For 'Income by Class', group by class and sum income.
"""
filtered_df = filter_dataframe(df, start_date, end_date, class)
if filtered_df.empty:
return pd.DataFrame(columns=['categories', 'revenue'])
filtered_df['revenue'] = filtered_df['price'] * filtered_df['quantity']
rev_cat_df = (
filtered_df.groupby('classes')['revenue']
.sum()
.reset_index()
.sort_values('income', ascending=False)
)
rev_cat_df['categories'] = rev_cat_df['categories'].str.capitalize()
return rev_cat_df
def get_top_products(df, start_date, end_date, class, top_n=10):
"""
For 'Prime Merchandise', return high N merchandise by income.
"""
filtered_df = filter_dataframe(df, start_date, end_date, class)
if filtered_df.empty:
return pd.DataFrame(columns=['product_names', 'revenue'])

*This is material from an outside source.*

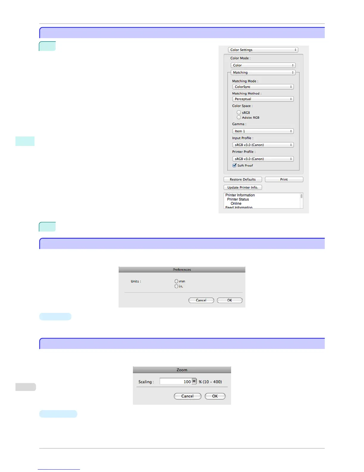 This dialog box appears when you select Preferences from the imagePROGRAF Advanced Preview menu. You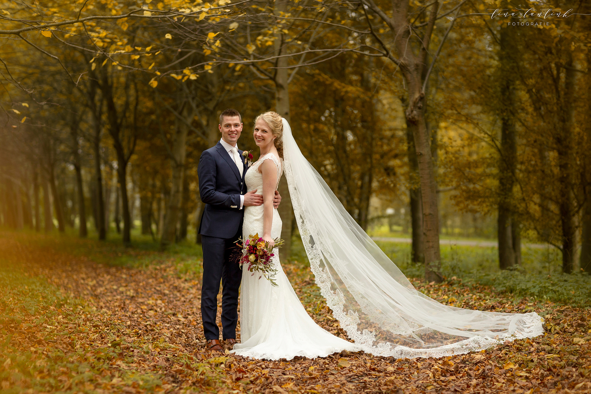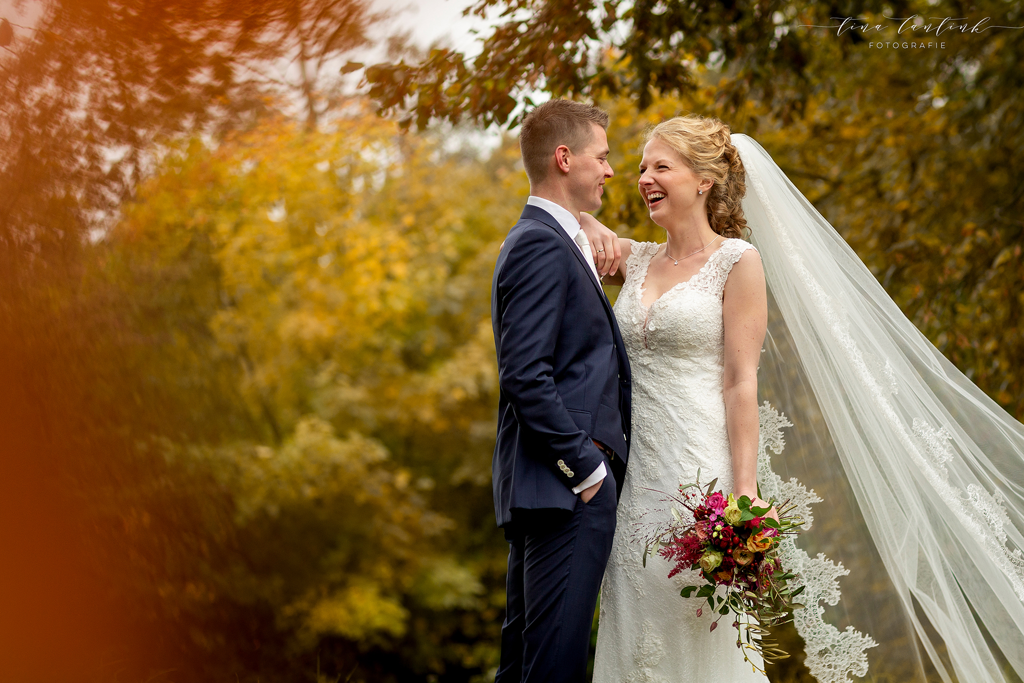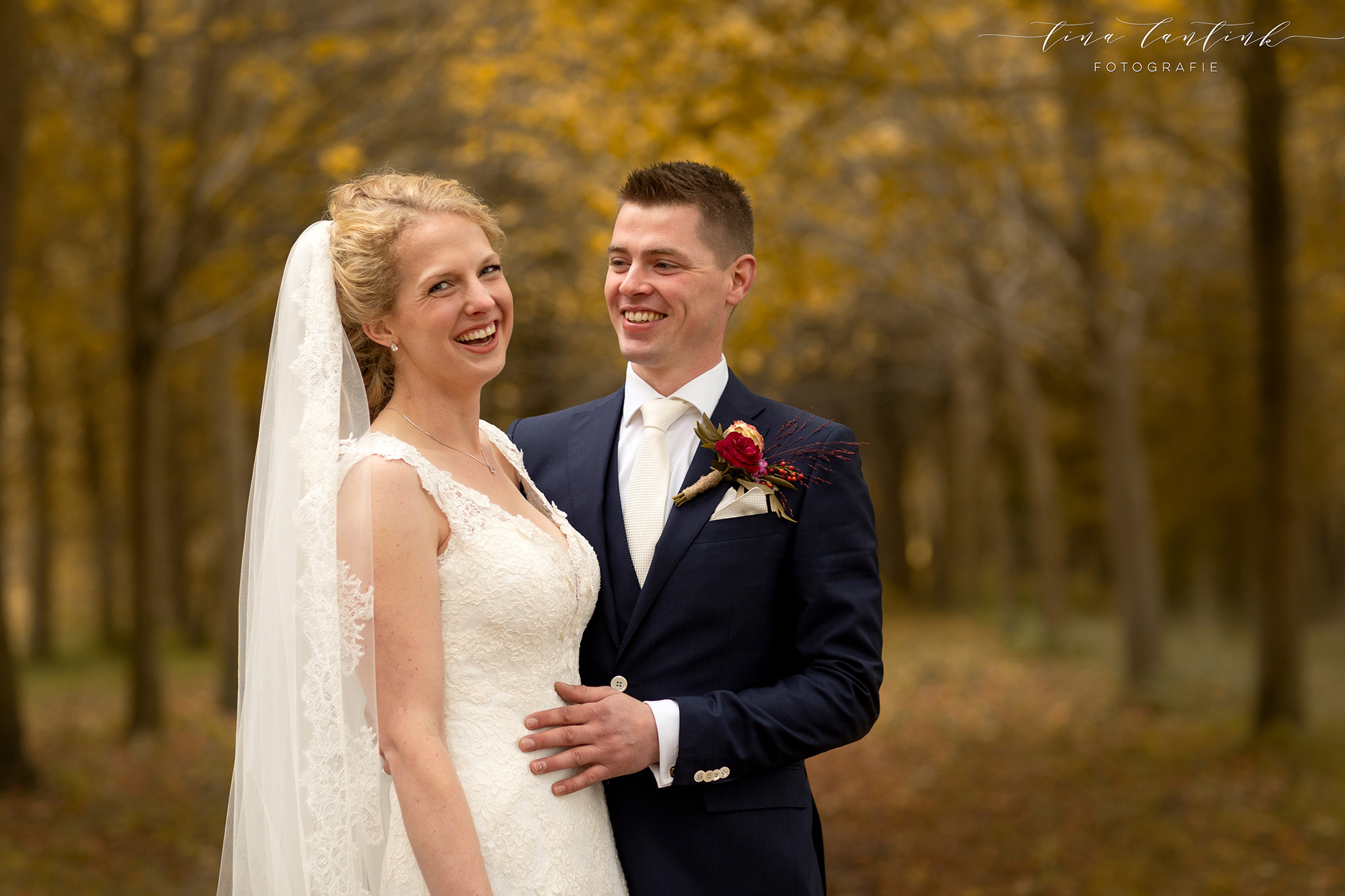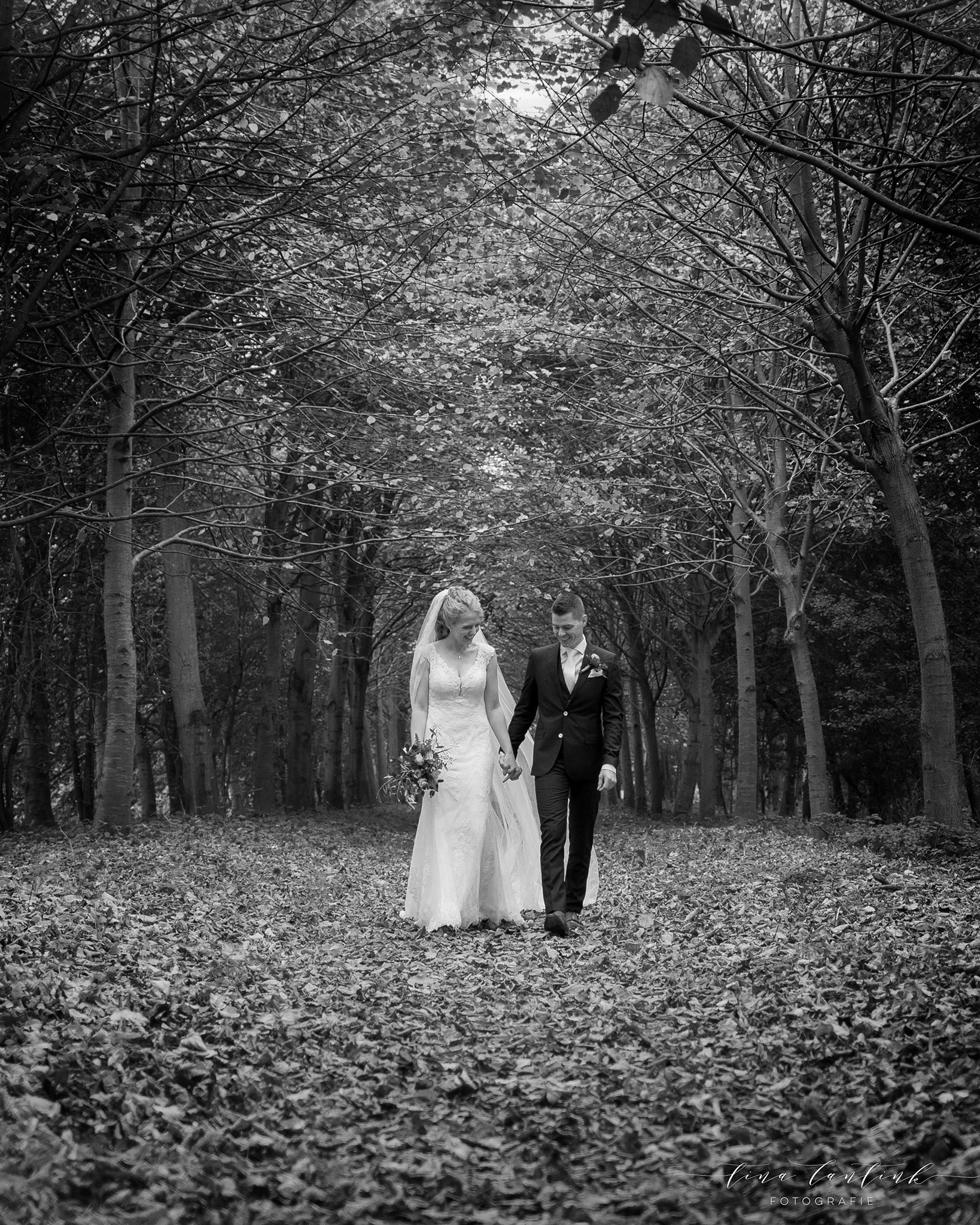 Na wat heen en weer pendelen tijdens zonsopgang tussen de boerderij waar Martinus zich voorbereidde en de boerderij waar Marianne was om de voorbereidingen vast te leggen was het moment daar waarop ze elkaar voor het eerst mochten zien en we vervolgens op locatie foto’s gingen maken. De trouwauto kwam niet opdagen, maar een belletje met vrienden en er kwam een geweldig alternatief voorrijden. Het was koud, heel erg koud. Reden te meer om ze lekker dicht tegen elkaar aan te laten poseren. Maar het was ook herfst, en herfst heeft prachtige kleuren wat weer een hoop goed maakte. Naast dat de schuur prachtig versierd was was het er ook lekker warm en zo konden we allemaal met soep, wat ook weer verzorgd werd door familie en vrienden, weer lekker op temperatuur komen na de reportage en voor de huwelijksvoltrekking. Het was een hele mooie dag, ondanks kou en veel regen later op de dag. Maar het was warm namelijk doordat de vriendschap en familiebanden overal doorheen te voelen waren. In de voorbereiding, tijdens de dag zelf, en ik weet zeker dat ze de dag erna ook weer allemaal klaar stonden om te helpen opruimen… <3

filtered_df['revenue'] = filtered_df['price'] * filtered_df['quantity']
top_products_df = (
filtered_df.groupby('product_names')['revenue']
.sum()
.reset_index()
.sort_values('income', ascending=False)
.head(top_n)
)
return top_products_df
def get_raw_data(df, start_date, end_date, class):
"""
Return the uncooked (filtered) information with a income column.
"""
filtered_df = filter_dataframe(df, start_date, end_date, class)
if filtered_df.empty:
return pd.DataFrame()
filtered_df['revenue'] = filtered_df['price'] * filtered_df['quantity']

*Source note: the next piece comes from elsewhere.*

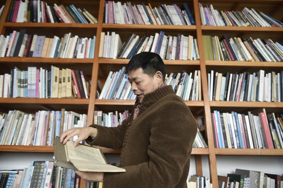 Hong Jianhua reads books on bamboo carvings at Huizhou Sculpture Museum in Huizhou District of Huangshan City, east China's Anhui Province, Jan. 7, 2025. (Xinhua/Lu Peng)

filtered_df = filtered_df.sort_values(by=['order_date', 'order_id'])
return filtered_df
def plot_data(information, x_col, y_col, title, xlabel, ylabel, orientation='v'):
fig, ax = plt.subplots(figsize=(10, 6))
if not information.empty:
if orientation == 'v':
ax.bar(information[x_col], information[y_col])
plt.xticks(rotation=45)
else:
ax.barh(information[x_col], information[y_col])
ax.set_title(title)
ax.set_xlabel(xlabel)
ax.set_ylabel(ylabel)
else:
ax.textual content(0.5, 0.5, "No information out there", ha='heart', va='heart')
return fig
#########################################
# 3. Streamlit Utility
#########################################
def fundamental():
# Title
st.title("Gross sales Efficiency Dashboard")
# Load your information from S3
# Exchange these together with your precise bucket identify and object key
bucket_name = "your_s3_bucket_name"
object_key = "your_object_name"
df = load_data_from_s3(bucket_name, object_key)

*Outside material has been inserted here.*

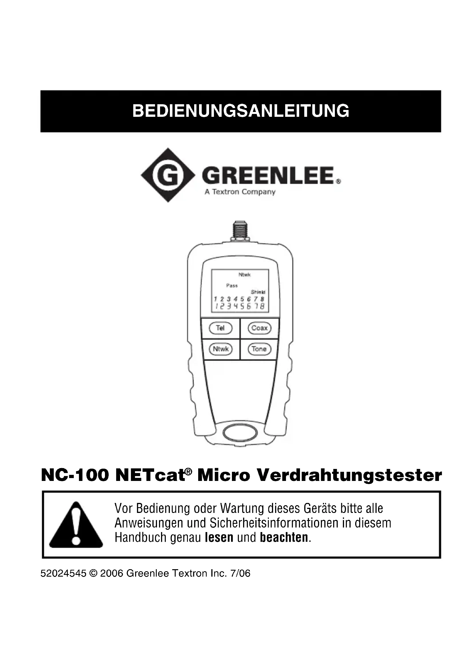 Micro von Greenlee vertraut zu machen. Bitte dieses Handbuch allen Mitarbeitern zugänglich machen. Ersatz-Handbücher sind auf Anfrage kostenlos erhältlich. Alle technischen Daten sind Nennwerte. Bei Designverbesserungen sind Änderungen der Nennwerte vorbehalten. Greenlee Textron Inc. haftet nicht für Schäden, die sich aus der falschen Anwendung oder dem Missbrauch seiner Produkte ergeben. NETcat ist eine eingetragene Marke der Tempo Research Corp.NC-100 NETcat

# Get min and max date for default vary
min_date, max_date = get_date_range(df)
# Create UI for date and class filters
with st.container():
col1, col2, col3 = st.columns([1, 1, 2])
start_date = col1.date_input("Begin Date", min_date)
end_date = col2.date_input("Finish Date", max_date)
classes = get_unique_categories(df)
class = col3.selectbox("Class", ["All Categories"] + classes)
# Customized CSS for metrics
st.markdown("""
""", unsafe_allow_html=True)
# Fetch stats
total_revenue, total_orders, avg_order_value, top_category = get_dashboard_stats(df, start_date, end_date, class)
# Show key metrics
metrics_html = f"""
Complete Income
${total_revenue:,.2f}
Complete Orders
{total_orders:,}
Common Order Worth
${avg_order_value:,.2f}
Prime Class
{top_category}
"""
st.markdown(metrics_html, unsafe_allow_html=True)
# Visualization Tabs
st.header("Visualizations")
tabs = st.tabs(["Revenue Over Time", "Revenue by Category", "Top Products"])
# Income Over Time Tab
with tabs[0]:
st.subheader("Income Over Time")
revenue_data = get_plot_data(df, start_date, end_date, class)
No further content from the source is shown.